The economics of commercial growing. The cultivation of medicinal plants is very labour intensive and if workers must be specifically engaged for this purpose the profit margin will be small. On the other hand, if the grower has available some accessory labour force (children, unskilled workers) he may hope for good profits. As an indication it may be said that the cultivation of medicinal plants will produce a return roughly similar to that of a market garden near a town.
For the cultivation of larger amounts it is necessary to have suitable buyers such as wholesale druggists, pharmacists, etc.
The collection of wild plants is generally less demanding than cultivation; but it is still necessary to be the proprietor of the land.
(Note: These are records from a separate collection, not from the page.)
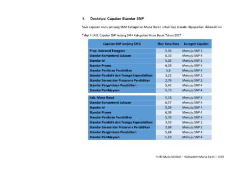 Tabel 4.14.8. Capaian SNP Jenjang SMA Kabupaten Muna Barat Tahun 2017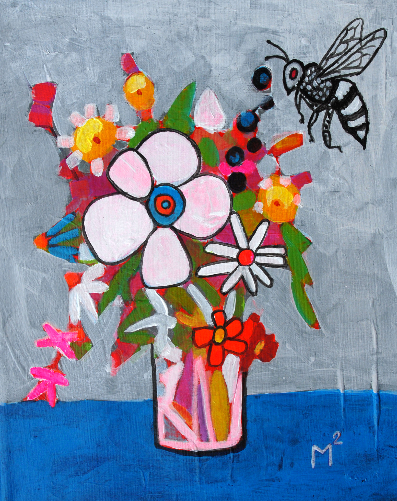 Boeket bloemen met bij.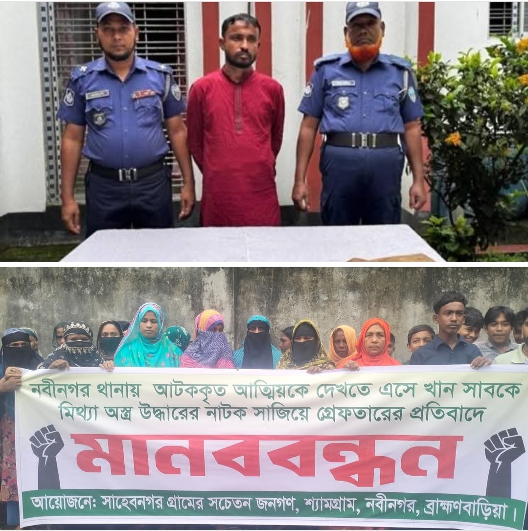 নবীনগরে বিশেষ অভিযানে অবৈধ বন্দুকসহ যুবক আটক,নির্দোষ দাবি করে গ্রামবাসীর মানববন্ধন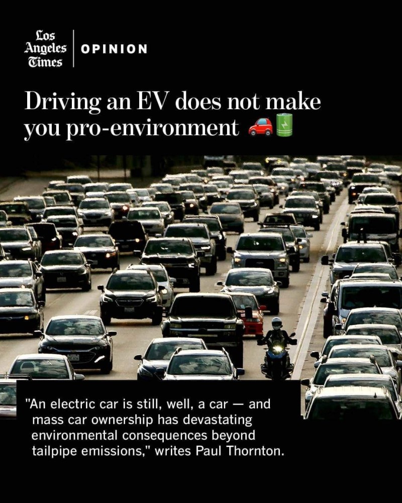 Electric vehicles are the polar opposite of “transformative, systemic change”. Accelerating electric vehicle adoption reinforces the systemic problems that cause outcomes like climate-damaging pollution in the first place.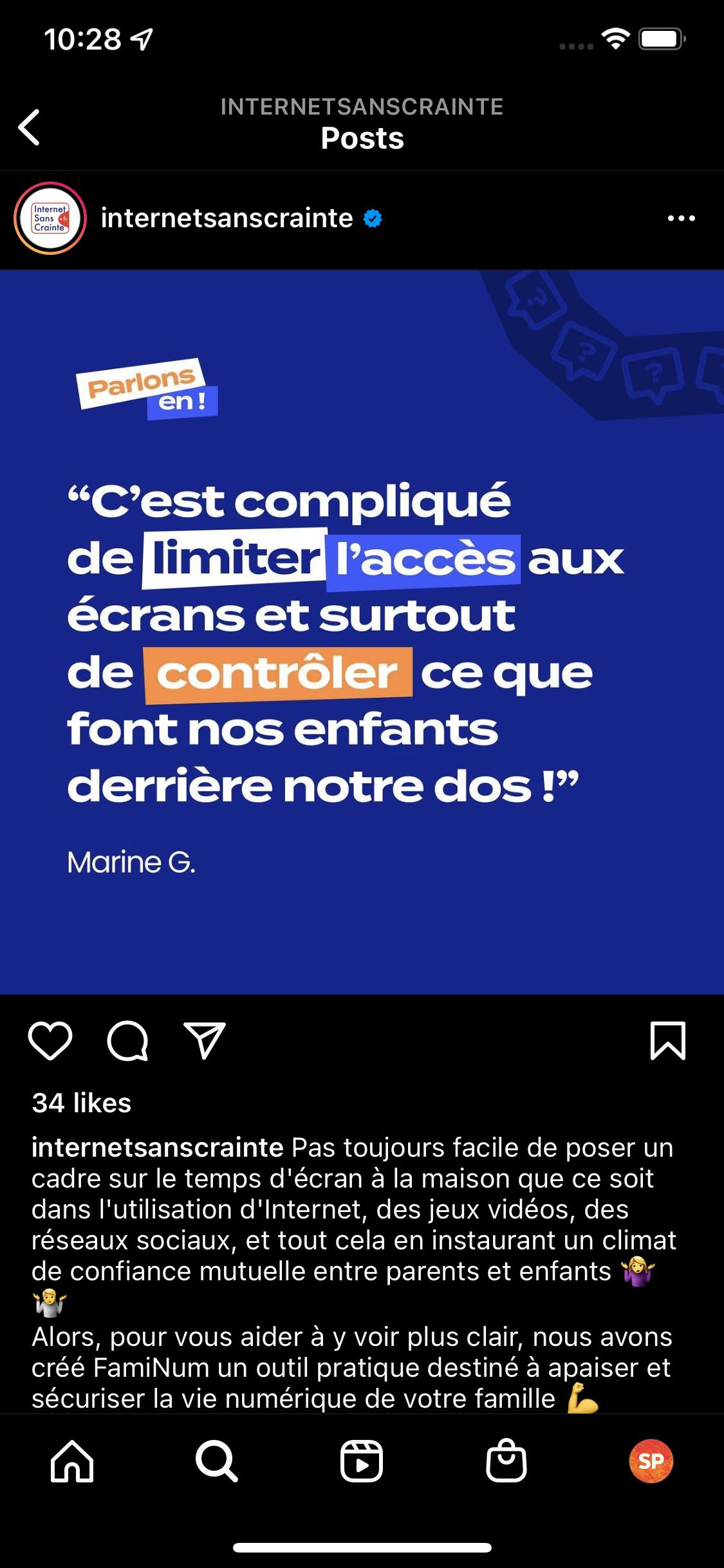Intéresser un maximum de parents au lancement du compte Instagram Internet Sans Crainte.

Such collections are generally made by children or by unskilled persons. Regard must be paid to what has already been said above about collection and drying.
The following are some general rules to be observed:
1. Collect only those species that are abundant in the area:
the collection of rare plants is an unjustifiable destruction of nature, moreover
it gives a poor yield. The collected plants should always be handled with
the greatest care.
2. Collect only a few species at one time in order to avoid
accidental mixing that would make the collected material valueless.
3. Take the greatest care to ensure that no other plants
are mixed in with any one collection.
4. Dry the plants as soon as possible after collection, especially
leaves, flowers or entire plants. Aromatic plants should be dried as much
as possible in the shade in a place with good circulation of air, the plants
being spread out in thin layers; it is best if they do not overlap each other
at all.
5. Artificial heat should be used only for plants that are
without odour when fresh.
Aromatic plants should not be exposed to a temperature greater than 35° C (95°F);
other plants, in general, may be dried at 50°-70° C (122°158°F),
but this latter temperature may be too high even for plants without aromatic
constituents; foxglove of optimum activity is obtained by drying at 25°C
(77° F)
6. Thick roots should always be cut longitudinally before
drying.
7. The dried drugs should be placed immediately into well
dried containers (chests, metal boxes, sacks). They should not be handled
roughly for they are readily broken.
8. Drugs containing volatile oils should not be stored in
ordinary plastic boxes or sacks, for these materials absorb the volatile oils
from the drugs, which are then volatilised from the external surface.